Actually, a double (assuming it's IEEE-754 64-bit variant) should be good enough for about 15 digits - and integers are never inaccurate - just limited in range, which is why we use floating point types to represent numbers outside of the integer range.

--
Mats

Try this:

Code:

#include <iomanip>
...

	std::cout << fixed << y << std::endl;

Here's why:

The default manipulator, "normal", is good for 6 digits. Had your example been 73053.5, it would have came out as you expected.

(I just learned this too!) Todd

I think I prefer printf()'s way of printing digits.

/me steps away as he starts another C vs C++ flamewar.

Originally Posted by MacGyver

Doubles and floats are just approximations. They aren't never 100% correct. This is probably what you're seeing.

You get approximations when decimal fractions (in base 10) cannot be saved in base 16 evenly. With .5, that will never be a problem, since 8 is half of 16 and it divides evenly. Its fractions like .6 and such where you'll get rounding.

Todd

Originally Posted by Todd Burch

You get approximations when decimal fractions (in base 10) cannot be saved in base 16 evenly. With .5, that will never be a problem, since 8 is half of 16 and it divides evenly. Its fractions like .6 and such where you'll get rounding.

Todd

Now you're using your IBM hex-float format again.
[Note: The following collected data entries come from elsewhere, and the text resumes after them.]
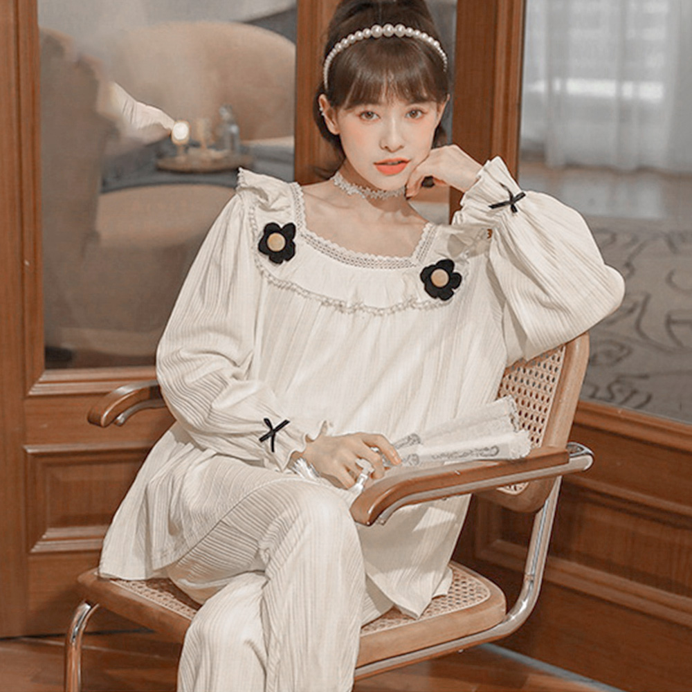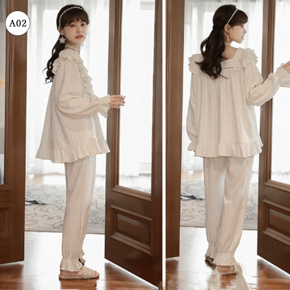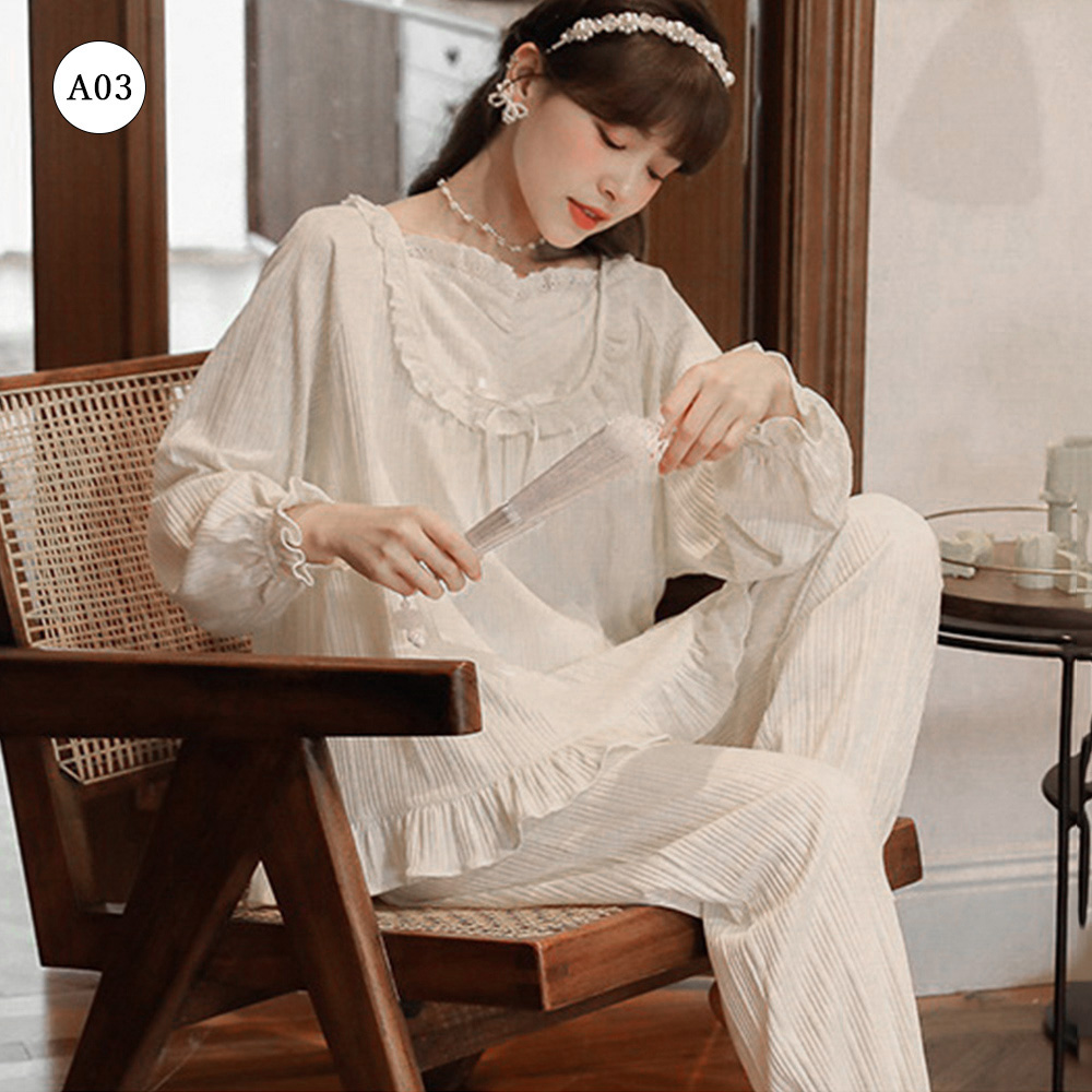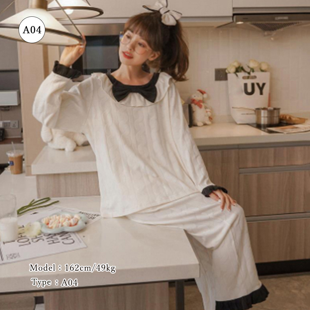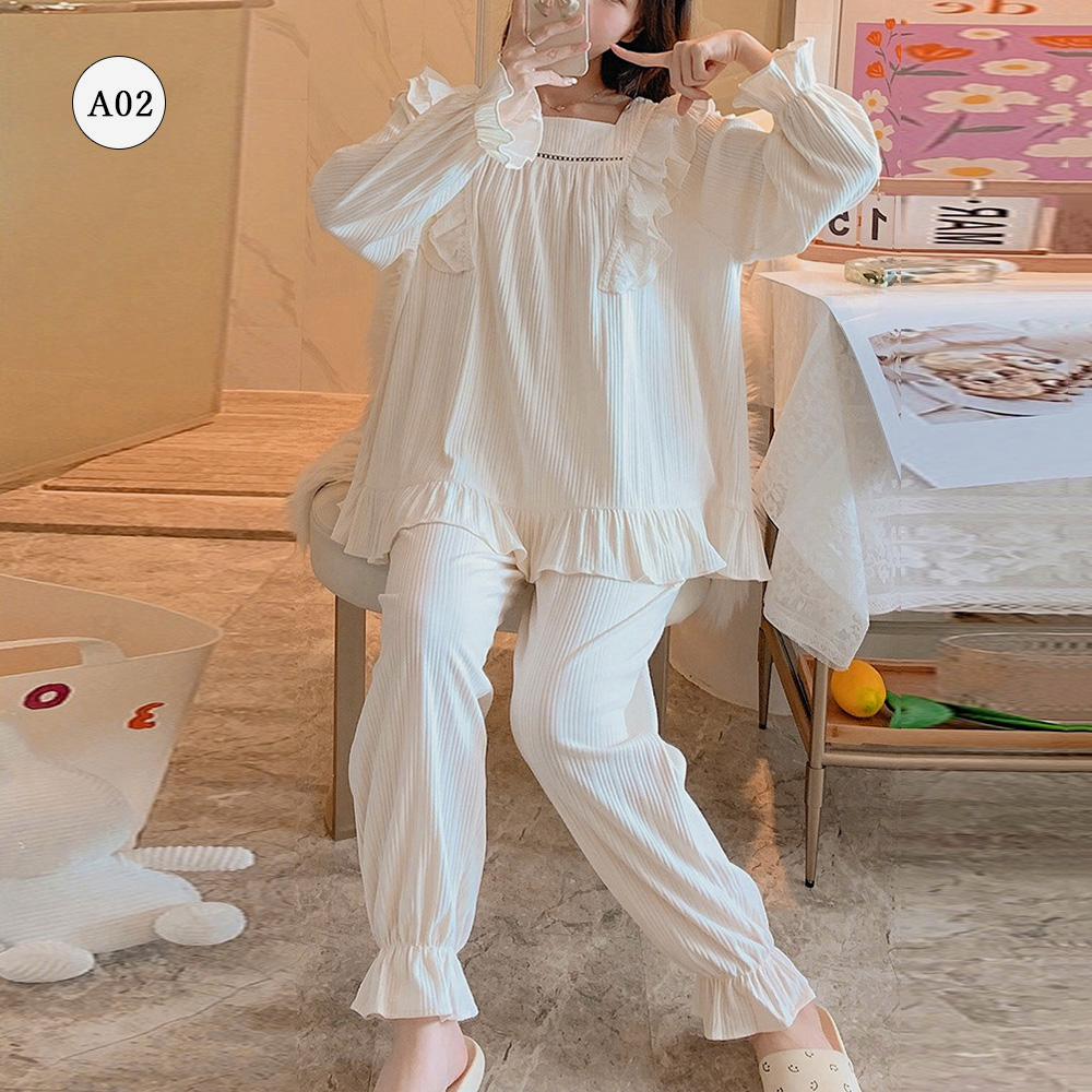 長袖 レディース 部屋着セットアップ 韓国ファッション 白お姫系寝巻き フリル裾長袖 長ズボン 大人 ナイトウェア春秋冬
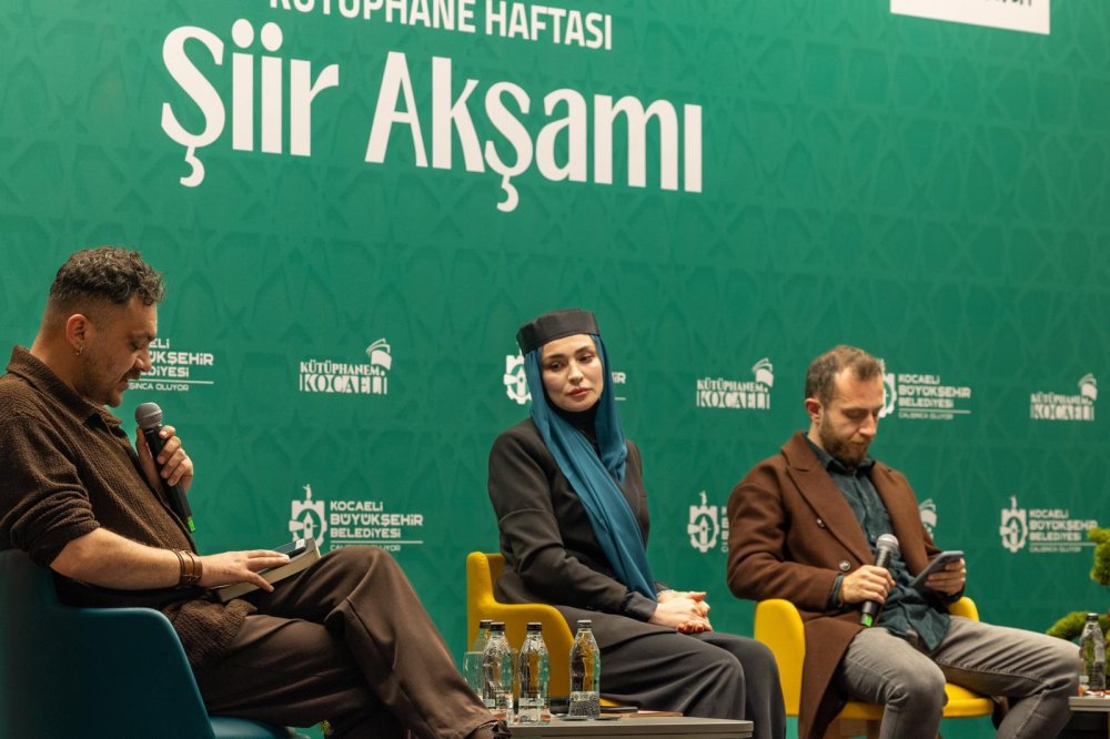 Kocaeli Büyükşehir Belediyesi, Kütüphane Haftası dolayısıyla “Yaşamak, Umut, Bahar” temalı “Şiir Akşamı” düzenledi. İzmit Millet Bahçesi Sanat Galerisi’ndeki programda Kocaeli Büyükşehir Belediye Başkanı Tahir Büyükakın da şairleri yalnız bırakmadı. Şiir dolu bir akşamın yaşandığı programa sanatseverlerin ilgisi son derece yüksekti. Büyükşehir Belediyesi Başkan Vekili Berna Abi ve AK Parti Kocaeli İl Gençlik Kolları Başkanı Doğan Orak’ın da katıldığı Şiir Akşamı’nda Zeynep Arkan, Gökçe Özel, Raşit Ulaş ve Samed Karataş, kendi kaleme aldıkları şiirleri seslendirdi.
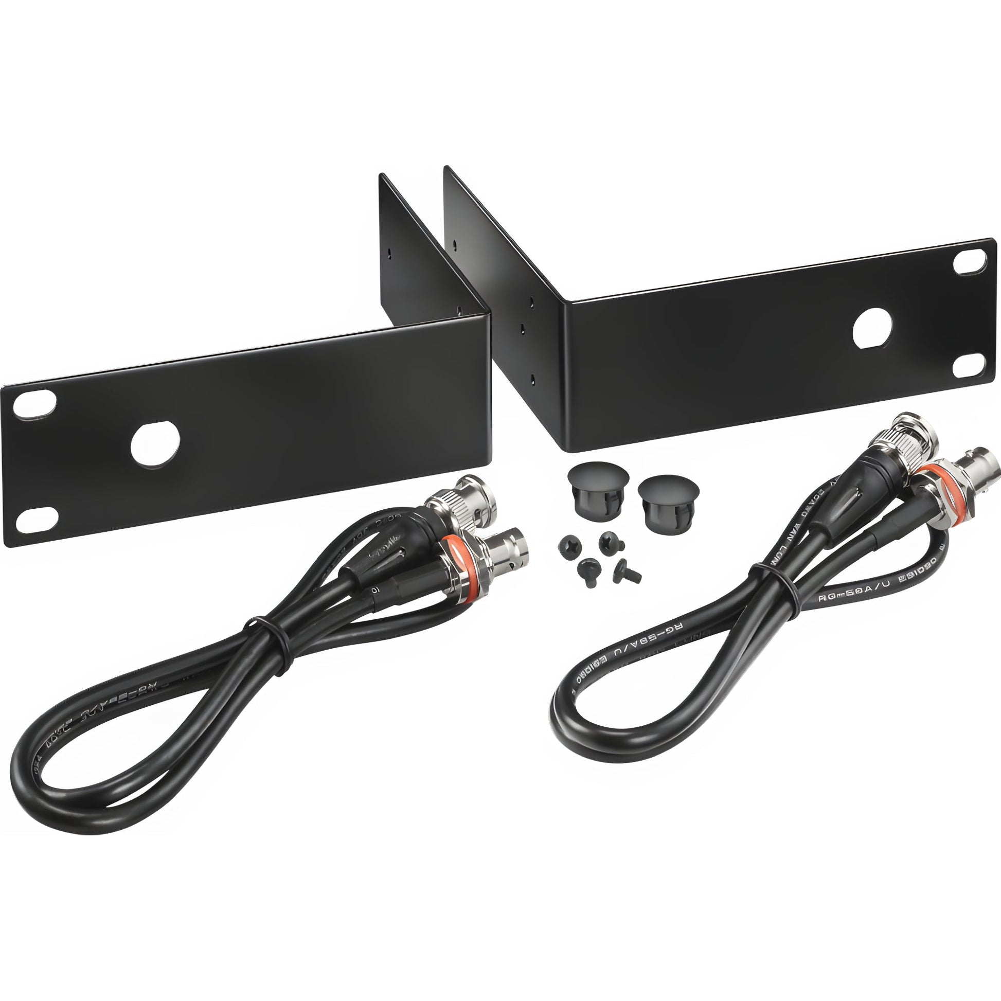 Los latiguillos suministrados son RG-58 de 50 Ω y se atornillan en la oreja frontal para crear un paso de antena seguro; por detrás, se conectan a los BNC del receptor. El kit también aporta tapones de plástico para anular los orificios de antena si no se usan. Todo el conjunto está optimizado para un montaje rápido y limpio en 1U, usando la tornillería incluida, y admite tanto las antenas de 1/2 onda del receptor como la conexión de extensiones coaxiales hacia antenas remotas.
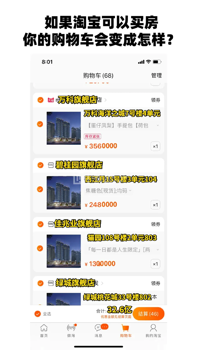 据介绍,天猫好房将帮助房地产企业定制线上房产旗舰店,把3D购技术、直播、更多金融服务能力与房产行业结合,打通线上看房、购房的全链路。 比如,天猫计划通过3D购技术,把房子的窗外景观、噪音光照等等真实数据形象地展示出来,让线上看房的体验更真实。 而在未来,房企的天猫旗舰店将成为线上的“智能售楼处”,购房者只要打开淘宝APP,就能足不出户地看房、挑房,买房将会像网购一样省心省力省钱。 天猫好房还承诺,在未来至少3年内不赚钱,而且所有收入100%都会补贴给购房者。
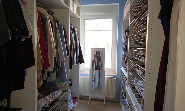 Im 1.OG überzeugt besonders die durchdachte Raumgestaltung: Das Schlafzimmer, ein Ankleidezimmer sowie das Badezimmer sind direkt miteinander verbunden und schaffen eine komfortable Wohnsuite. Zusätzlich gibt es ein Gäste-WC. Es stehen 3 weitere Räume zur Verfügung, ein Raum wird als Büro genutzt. Außer Nasszellen, komplett Parkettböden.
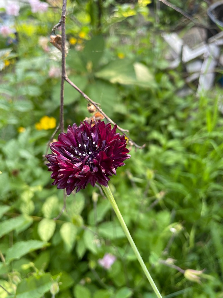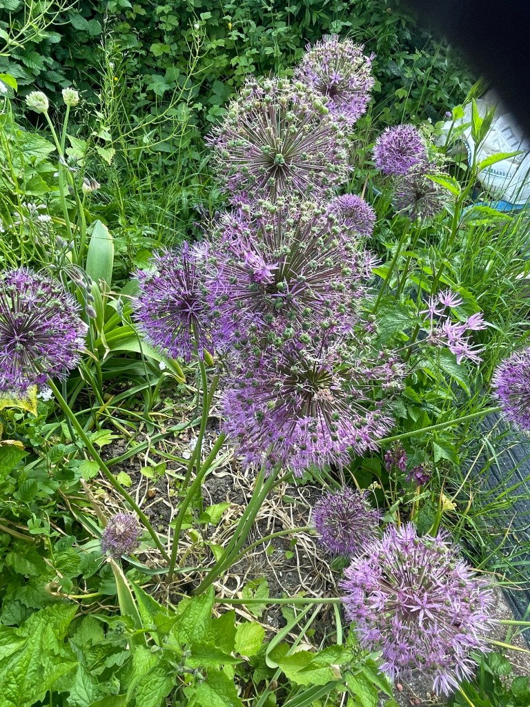 We had the best of home cooked food tonight and it was lovely and bright as the sun was going down. Best place to be for a barbecue and we managed to make baba ganoush, coleslaw and houmous with the barbecued chicken and minced meat skewer. A huge bowl of coleslaw and a mixed salad was a healthy addition. The sun was still hitting the table and flowers around the garden which i snapped while the last browning was underway.
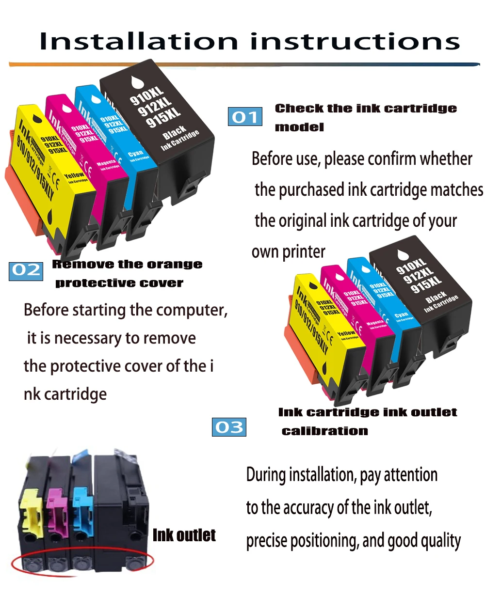 Compatible con cartucho de tinta HP 910 910XL OfficeJet 8010 8012 8013 8014 8015 8017 8018 8020 8022 8023 8024 8025 8026 8028 8035
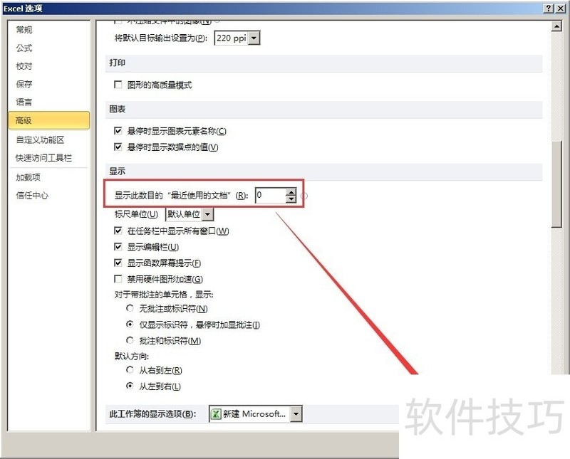 3、 把“显示此数目的最近使用的文档”数目设置为“0”
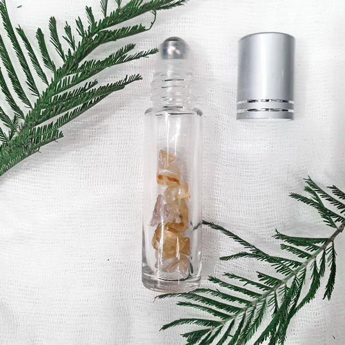Your added essential oils are enhanced by citrine chips inside the bottle.

In IEEE-754 floating point, it's when the fraction can't be described precisely in binary, and the fraction is actually counted from the first number, so for example 0.1 is not precise, which means that all 2^n multiples of 0.1 are also subject to the same thing. 0.7 is the same sort of issue, along with several other numbers. 0.5 is not a problem, and 2^n * 0.5 is obviously also no problem.

--
Mats

I think we just said the same thing.